职务侵占罪、合同诈骗罪数罪并罚,判处有期徒刑八年,并处没收个人全部财产。
听到这个消息的时候,我正在会议室里听ai医疗项目的新任技术总监做汇报。
"林总,这是下个月准备上线的20版本模型,准确率比之前提升了百分之十五。"
总监指着投影幕布上的数据,满脸兴奋。
我点了点头,在文件上签下自己的名字。
"很好,按计划推进。另外,把沈择城以前留下的那些华而不实的包装全删了,我们只做硬核数据。"
散会后,我顺手刷了一下手机。
法制新闻的推送弹了出来。
照片上的沈择城穿着橘黄色的马甲,头发剃成了板寸,颧骨高高突起,眼神麻木而空洞。
哪里还有半点当初在饭局上意气风发、逢人就炫耀"我女朋友林艺棠"的虚伪模样。
他最在乎的体面和尊严,被我亲手剥得干干净净。
下午,小陈来了一趟办公室。
"林总,周心念的案子也结了。"
他递给我一份法院的执行裁定书。
"因为她无法偿还七百三十万的不当得利,法院已经强制执行了她名下所有能查到的资产,包括几只名牌包和二手首饰。"
"不过这些都是杯水车薪。
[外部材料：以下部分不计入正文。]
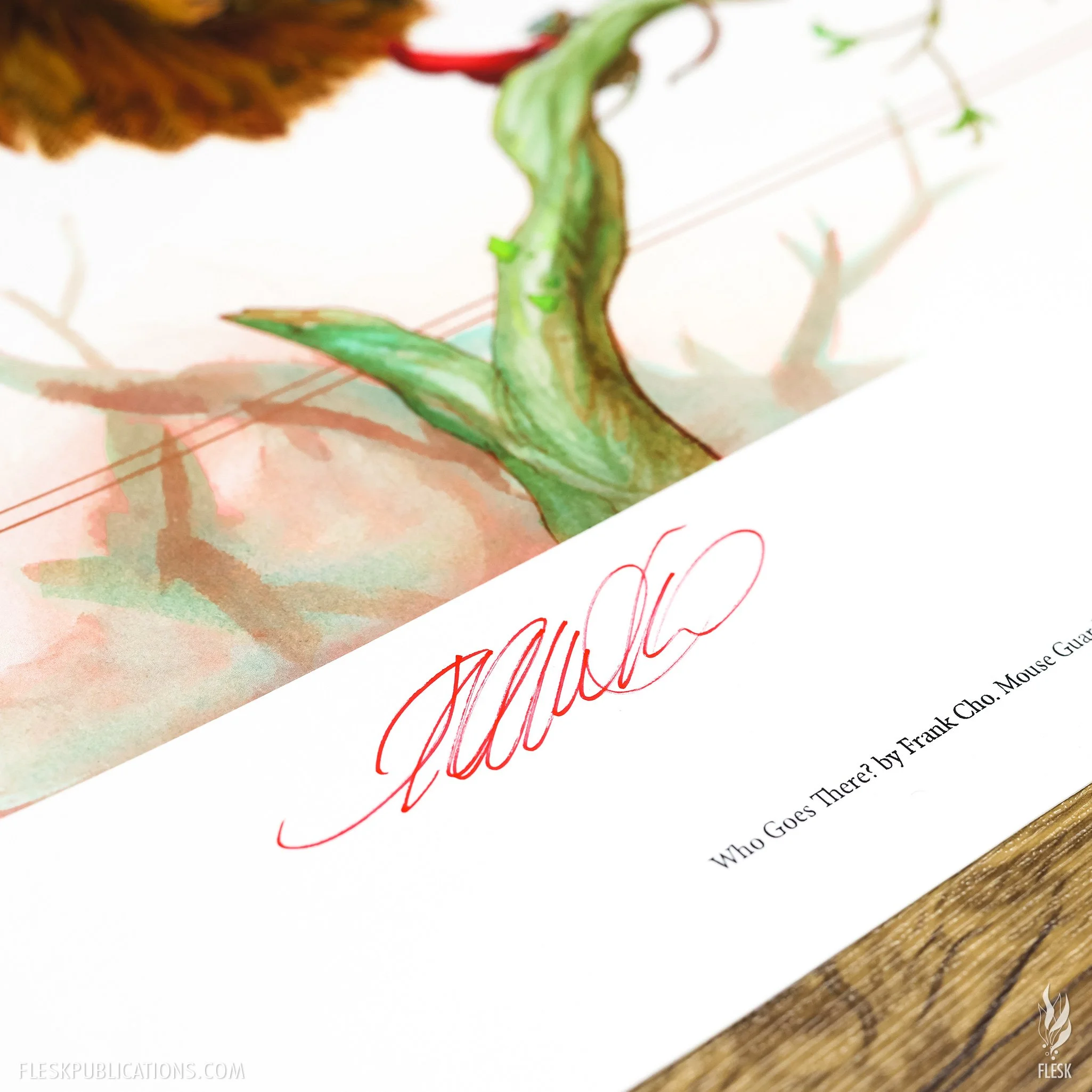 This 13 x 19" high quality print features artwork titled “Mouse Guard” by Frank Cho. This print utilizes 300 gsm acid free matte paper and is printed with archival and fade resistant inks. This print is signed in pen by Frank Cho.

她已经被正式列入失信被执行人名单了。"
"就这些?"我翻看着薄薄的几页纸。
"不止。"小陈压低了声音,"那个放高利贷的光哥,手段很脏。周心念欠他的一百多万还不上,光哥的人天天去她租的地下室堵门。"
"听说她现在连出门打工都不敢,只能去一些不正规的小场子里陪酒还债。"
小陈语气里带着一丝鄙夷。
"前几天在场子里,她还碰到了以前沈择城公司的一个老客户。那客户知道她的底细,当众把酒泼了她一身,还羞辱了她半天。她连个屁都不敢放。"
我合上裁定书,扔进了旁边的碎纸机里。
随着碎纸机发出的嗡嗡声,周心念这个名字,在我这里彻底成了废纸。
"我知道了。以后不用再跟我汇报她的事了。"
"好的,林总。"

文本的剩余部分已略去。